Aucune idée, mais la piste est intéressante. Cela étant je me méfie toujours des surinterprétations exégétiques.
Il m’est très difficile de parler de ponctuation parce que là encore, je suis dans le physique. Quand la phrase est juste je le sais. Quand j’ai trouvé la ponctuation appropriée d’une phrase, lorsque la phrase est enfin telle qu’elle devait être et pas autrement, je le sens. C’est physique. Je le sens.
Il y a un passage, chez Annie Ernaux, peut-être dans Les Armoires vides mais c’est un souvenir assez confus car je n’ai jamais relu le livre en question, où la narratrice s’interdit de répondre à une invitation à une fête chez l’un de ses camarades parce qu’elle n’a pas de robe à danser. J’étais une jeune adolescente quand j’ai lu ça, peut-être environ quatorze ans, et je me rappelle avoir trouvé insupportable l’idée que certains endroits du monde pouvaient être interdits pour des raisons économiques ; je n’ai pas été d’accord. La conséquence de la lecture de cette scène, c’est que je me suis construite toute ma vie contre cette idée-là, et contre la hiérarchisation des gens en fonction de leur place et de ce qu’on nomme réussite, contre le mépris. Je pense que c’est très sain, parfois, de ne pas être d’accord.
La première phrase de Pour la peau était une référence à Aragon (« La première fois que je vois E. je le trouve quelconque sinon laid » qui rappelle la rencontre d’Aurélien avec Bérénice). Il ne s’agissait pas d’une référence consciente au moment où vous avez écrit mais dans Désintégration vous recourez au cut up en introduisant dans votre propre texte des références au groupe PNL. Pourquoi avoir eu recours à cette technique ?
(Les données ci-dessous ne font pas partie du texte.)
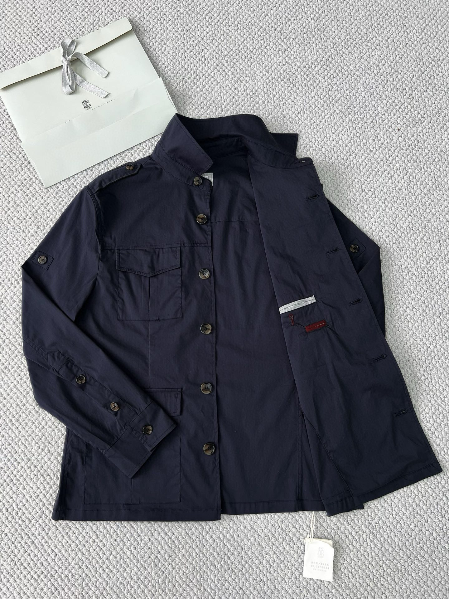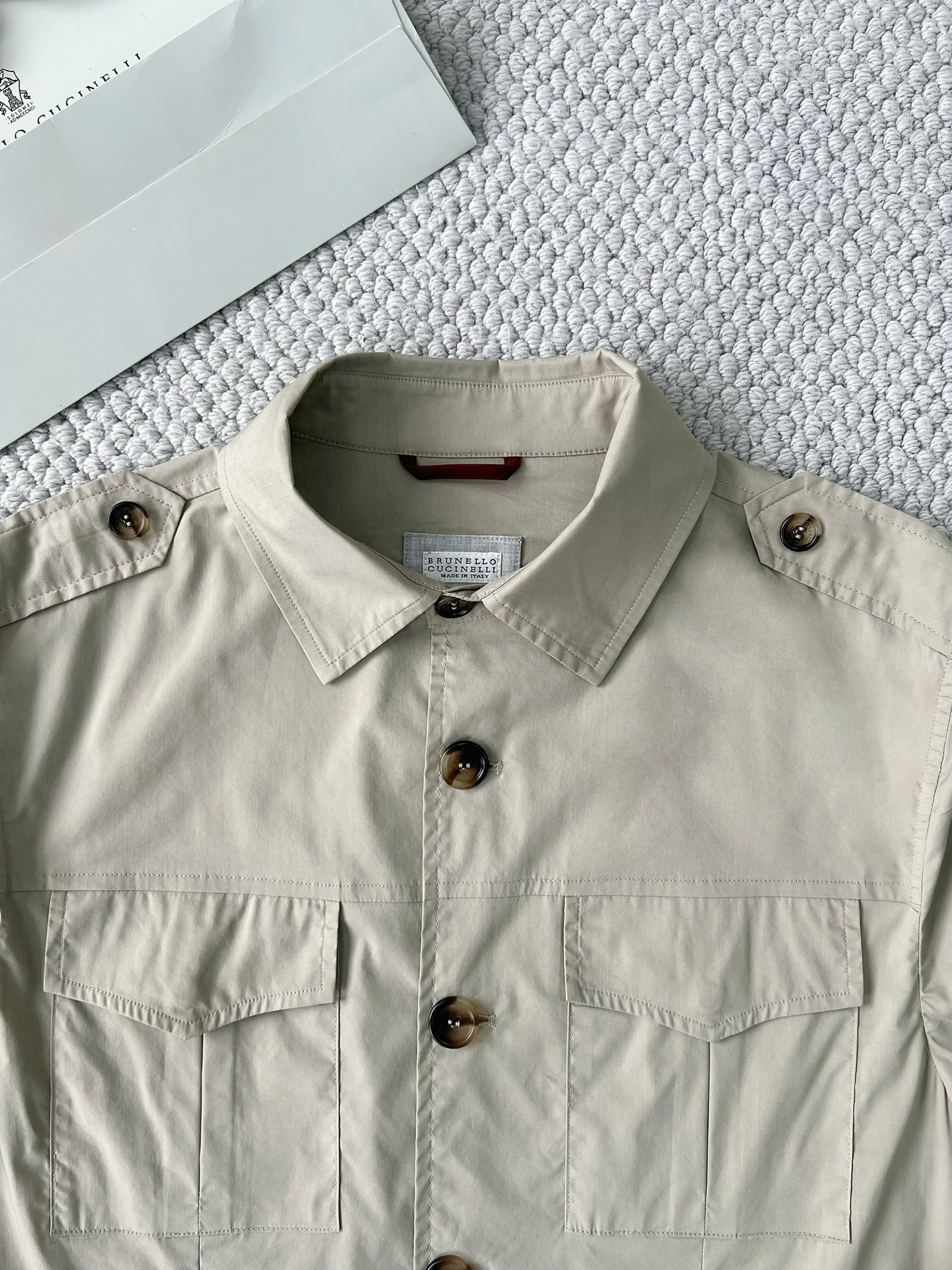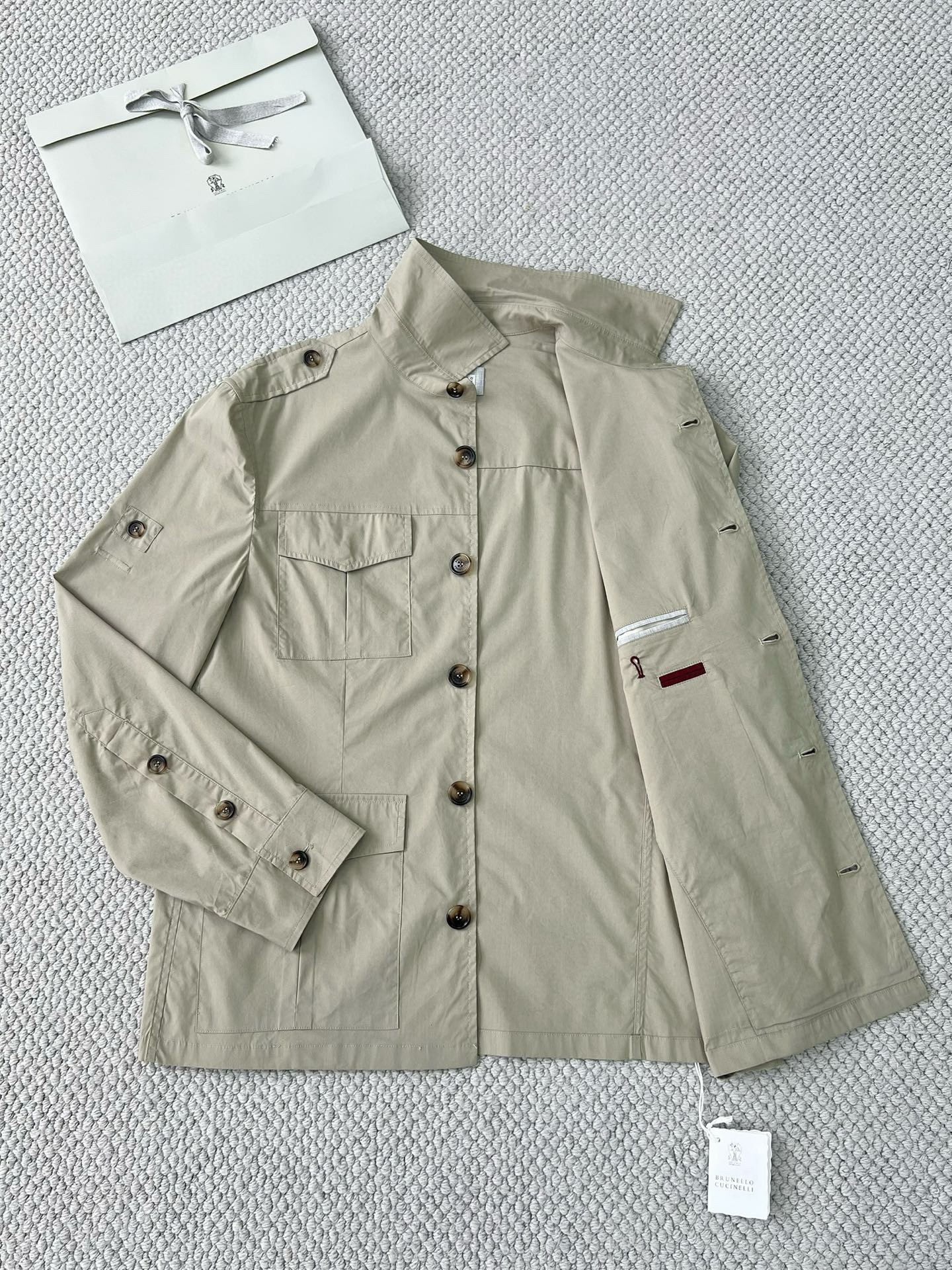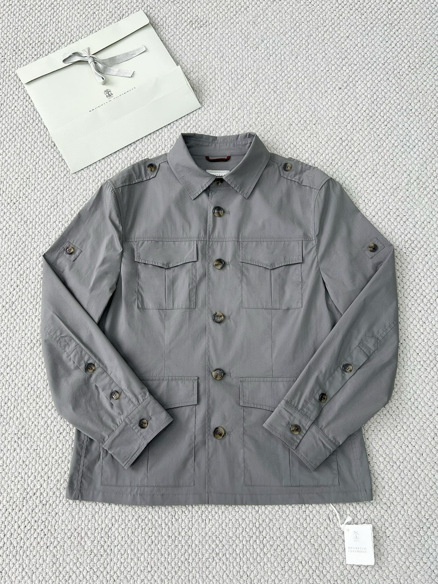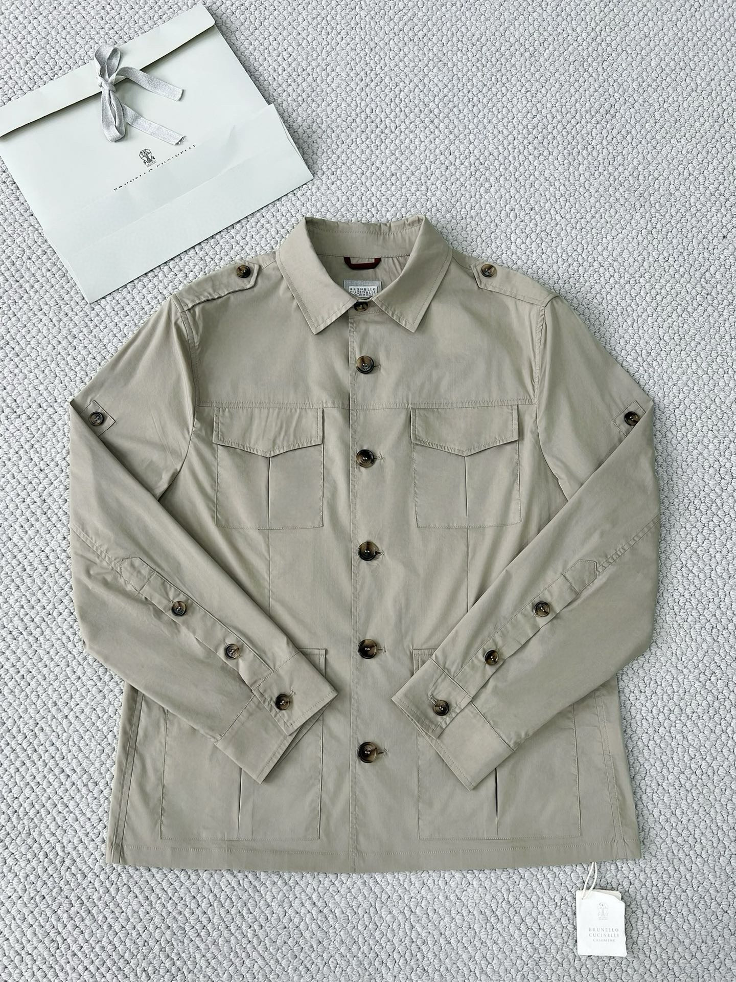 NIGO Brunello Cucinelli Men's Spring & Fall Lightweight Water-Resistant Techno Cotton Unlined Safari Jacket Solid Color Lapel Single Breasted Shirt Style Jacket Ngvp #nigo1946
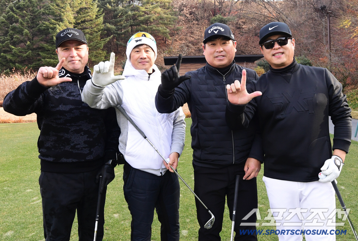스포츠조선과 KBO(한국야구위원회)가 공동 주최하고 우승팀 LG 트윈스가 후원하는 제42회 야구인골프대회가 경기도 이천 H1클럽에서 열렸다. 기념 포즈를 취하고 있는 SSG 곽현희, 윤재국, 이승호, 송신영 코치. 이천=송정헌 기자songs@sportschosun.com
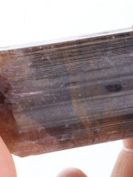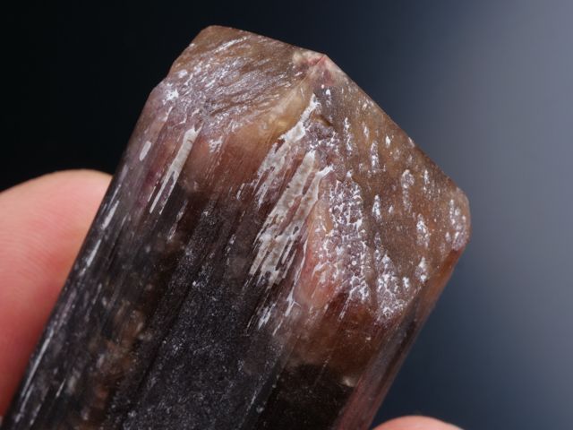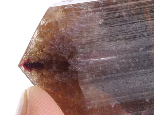 A gorgeous, gemmy and lustrous, tourmaline crystal, perfectly terminated. Base dark brown and red in termination. No damage.
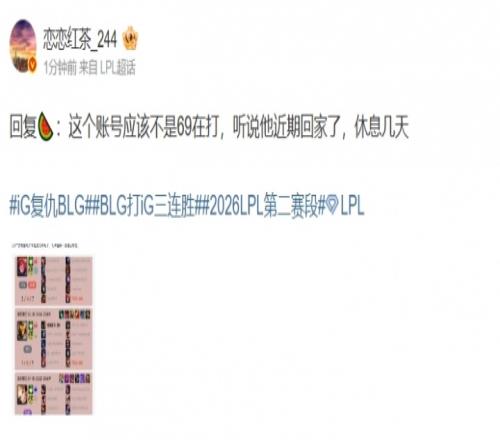 對此,今日爆料人“戀戀紅茶”更博透露:這個賬號應(yīng)該不是69在打,聽說他近期回家了,休息幾天。
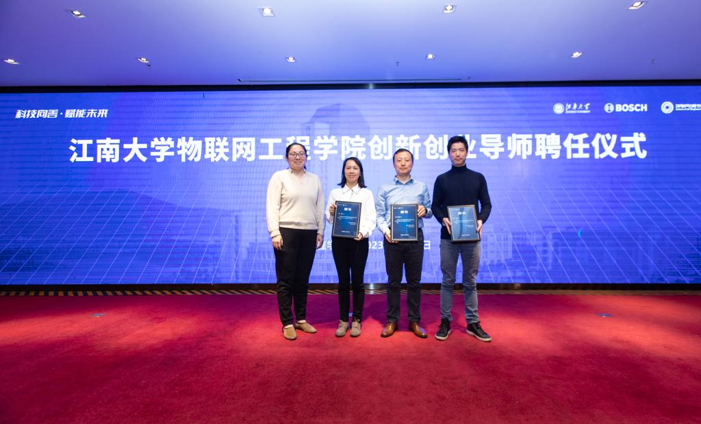 第六届“博动未来”创新挑战赛总决赛暨颁奖典礼在长广溪宾馆太湖厅圆满落幕。博世动力总成有限公司新业务发展部总监冯琦峰、创新平台经理金鑫、博世工业4.0高级经理崔清、博世工程体系专家HUG Juergen,玩偶姐姐
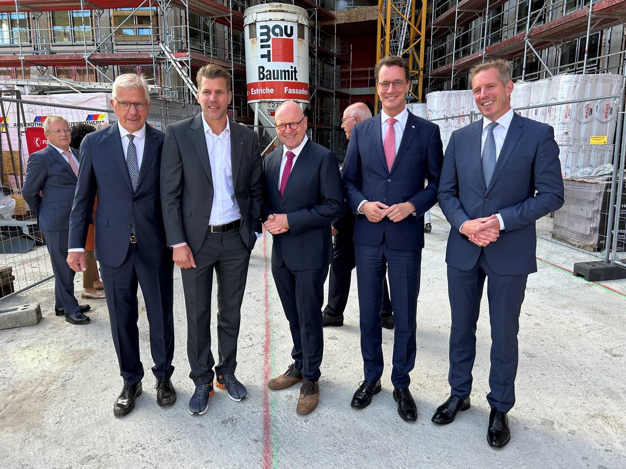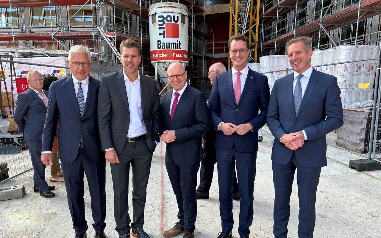 "X-Dock" (sprich: Cross Dock) heißt der neue sechsgeschossige Büro-Komplex, mit dem FIEGE neben dem Hauptsitz in Greven künftig auch ein großes Standbein in Münster haben wird. Im Sommer 2024 soll das Haus fertig sein, so die beiden Geschäftsführer Jens und Felix Fiege. Zur Feier im Rohbau wurden die Gäste deshalb gebeten, sich festlich zu kleiden, aber festes Schuhwerk an den Füßen zu tragen. Unter den Gästen waren NRW-Ministerpräsident Hendrik Wüst, Münsters Oberbürgermeister Markus Lewe und zahlreiche Bundes- und Landespolitiker:innen aus Münster und dem Münsterland.
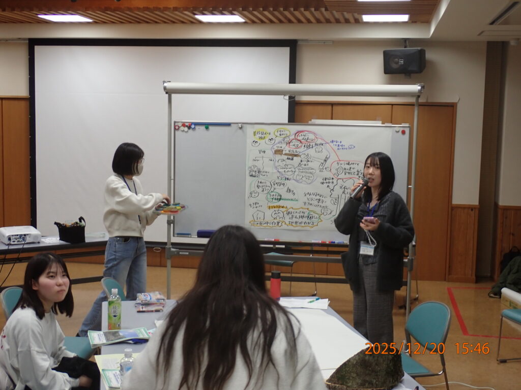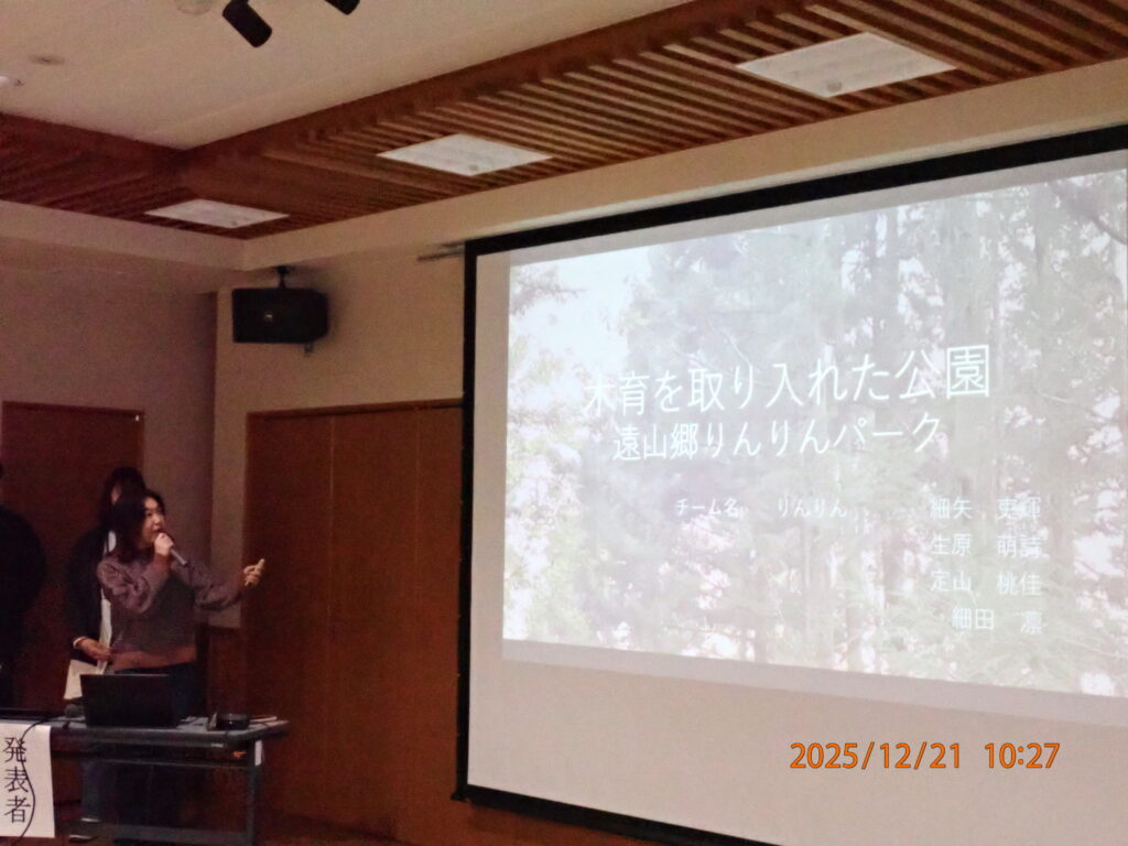 今回は鳥獣保護管理と森林資源管理をテーマに、遠山郷における現状や課題を整理し、その解決に向けたアイディアを大学生が提案しました。
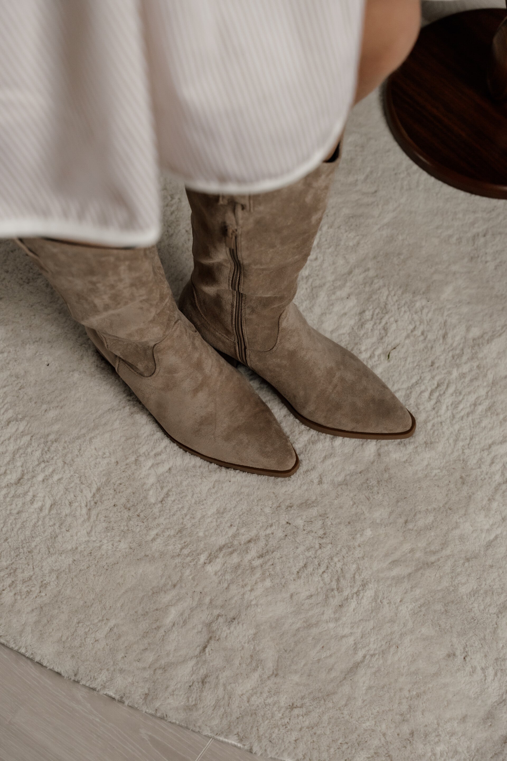 Deze licht taupe kleurige laarzen in suède look zijn een tijdloze toevoeging aan je garderobe. Het elegante, minimalistische model met subtiele blokhak zorgt voor een vrouwelijke en stijlvolle uitstraling. Dankzij de ritssluiting aan de binnenzijde trek je ze gemakkelijk aan en uit.
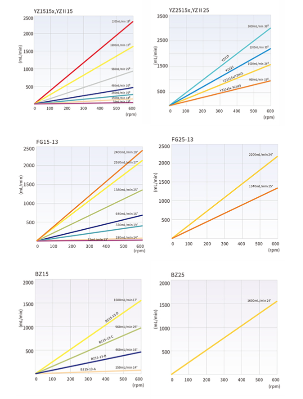 | Головка | Маркировка трубки | Производительность (мл/мин) |
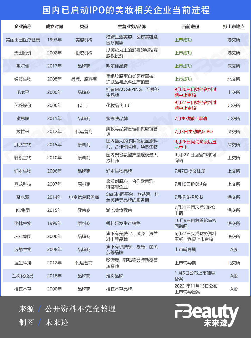 《FBeaty 未來跡》不完全整理發(fā)現(xiàn),截至今年10月,已經(jīng)有5家美妝相關(guān)企業(yè)IPO進(jìn)程呈現(xiàn)中止/終止?fàn)顟B(tài),而放眼整個(gè)美妝行業(yè),共有接近20家美妝企業(yè)走在上市路上。
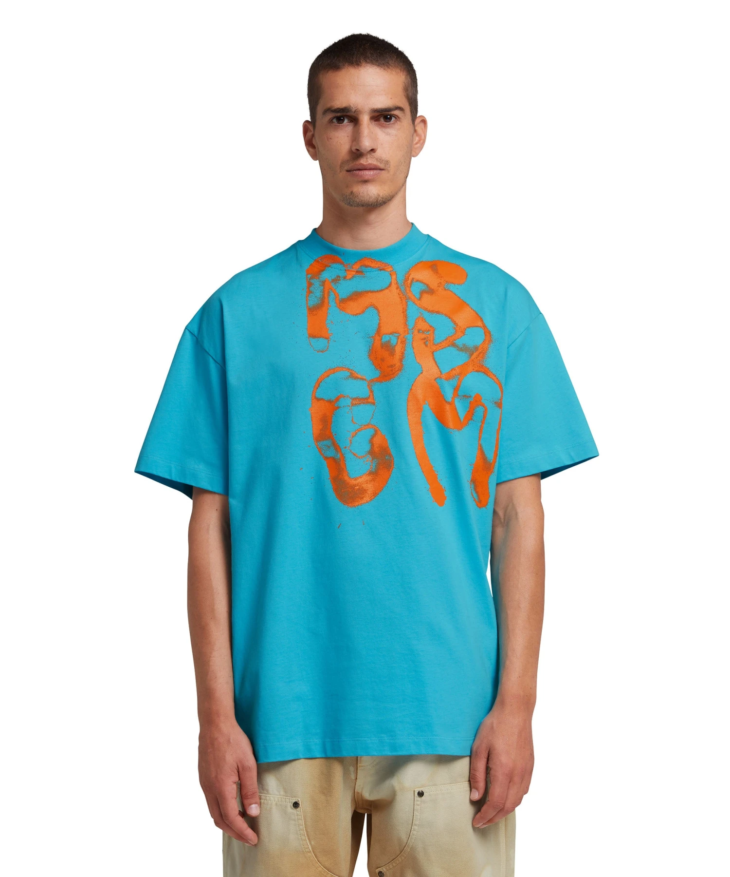 Solid color cotton crewneck t-shirt with contrasting spray effect MSGM logo. Short sleeves and ribbed collar. Regular fit.
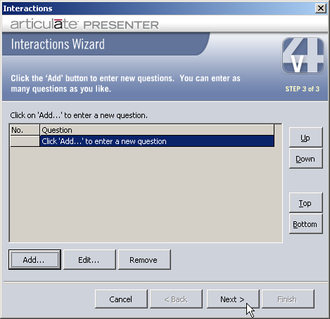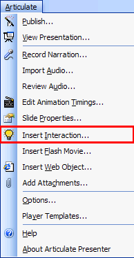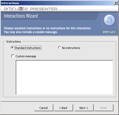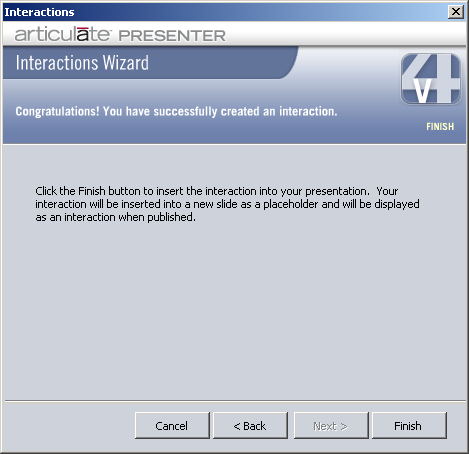 Click Finish to insert the interaction into your presentation. An interaction placeholder slide will be inserted into your presentation. (This will be converted to the interaction when your presentation is published.)

PNL, je voulais comprendre ce qui se passait. Pourquoi c’était un succès tellement énorme, pourquoi parallèlement les puristes leur crachaient tant dessus, pourquoi les gens ayant un profil littéraire avaient tendance à répéter que c’est si mal écrit. J’ai mis un mois à n’écouter que ça pour dépasser l’Auto-Tune et comprendre ce qu’ils racontaient. C’est juste d’une inventivité terrassante. C’est bourré de formules géniales, avec une imagerie unique qui ne ressemble à rien d’autre. Ils sont super forts, il y a une étendue de niveaux de lecture impressionnante, et puis ils empruntent à des champs de références culturelles très éloignés. C’est d’une richesse inouïe, vertigineuse. PNL c’est un continent. Ceux qui crachent dessus n’ont rien compris ou n’ont pas écouté. La littérature a toujours nourri le rap, il était temps que le rap nourrisse ouvertement la littérature, même si d’aucuns l’ont déjà fait sans le mentionner. Et puis c’est tout ce qui m’intéresse, ça, mêler des champs culturels qui ne sont a priori pas perçus comme pouvant cohabiter. Dans ma pratique d’auditrice ou de lectrice c’est ce qui me nourrit, l’hétéroclite.